» WHAT THE TASK REQUIRES
Without the pictures, output all of the data exactly.

» GIVEN INFORMATION
-----

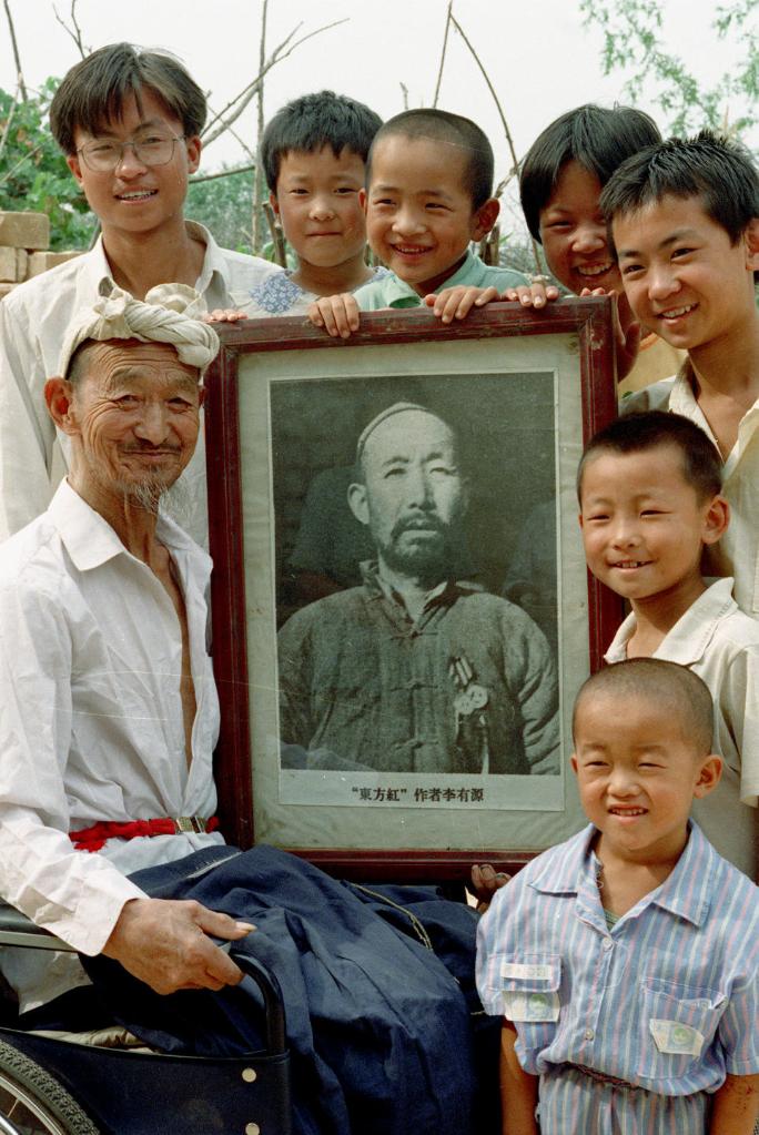 1942年正月,陜北農民李有源用民歌的調子唱出“東方紅,太陽升,中國出了個毛澤東……”這首歌在中國大地上被廣為傳唱。圖為李有源的兒孫們與老人的照片在一起。(1999年9月發) 新華社記者 陶明 攝
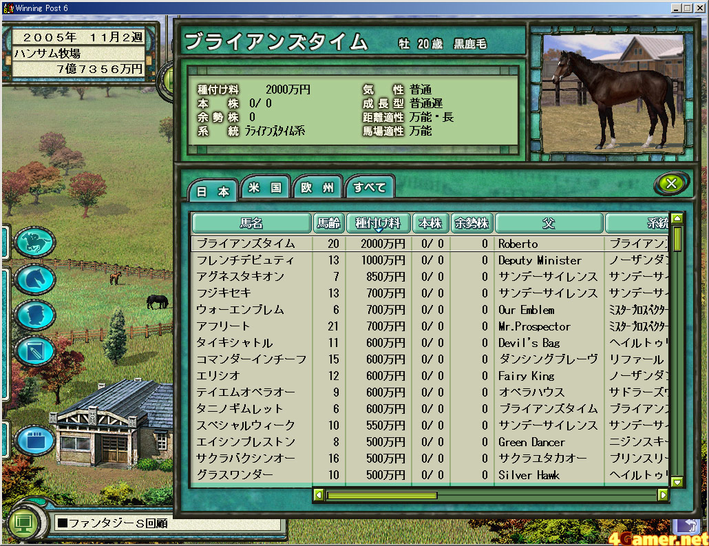 チャンピオンサイアーだったサンデーサイレンスはもういない。今までナンバー2に甘んじて来たブライアンズタイムが次の天下を取るのか,サンデーの息仔や孫が父の跡を継ぐのか,それとも現実に"ポスト"サンデーサイレンスとして輸入されたウォーエンブレムなどが期待に応えるのか。プレイ状況にもよるが,リーディングサイアー争いはかつてないほど激しいものとなる
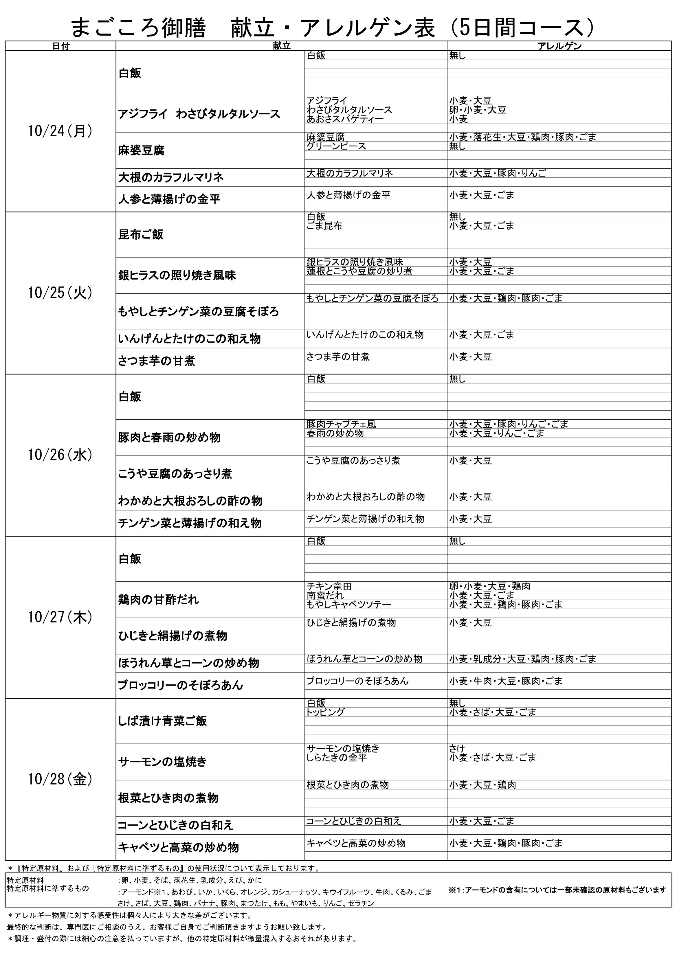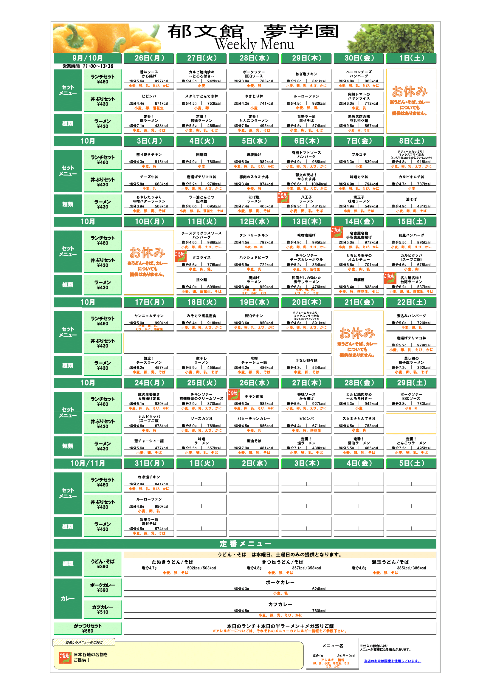 夢食堂10月の献立

-----

» RESPONSE
 1942年正月,陜北農民李有源用民歌的調子唱出“東方紅,太陽升,中國出了個毛澤東……”這首歌在中國大地上被廣為傳唱。圖為李有源的兒孫們與老人的照片在一起。(1999年9月發) 新華社記者 陶明 攝
 チャンピオンサイアーだったサンデーサイレンスはもういない。今までナンバー2に甘んじて来たブライアンズタイムが次の天下を取るのか,サンデーの息仔や孫が父の跡を継ぐのか,それとも現実に"ポスト"サンデーサイレンスとして輸入されたウォーエンブレムなどが期待に応えるのか。プレイ状況にもよるが,リーディングサイアー争いはかつてないほど激しいものとなる
 夢食堂10月の献立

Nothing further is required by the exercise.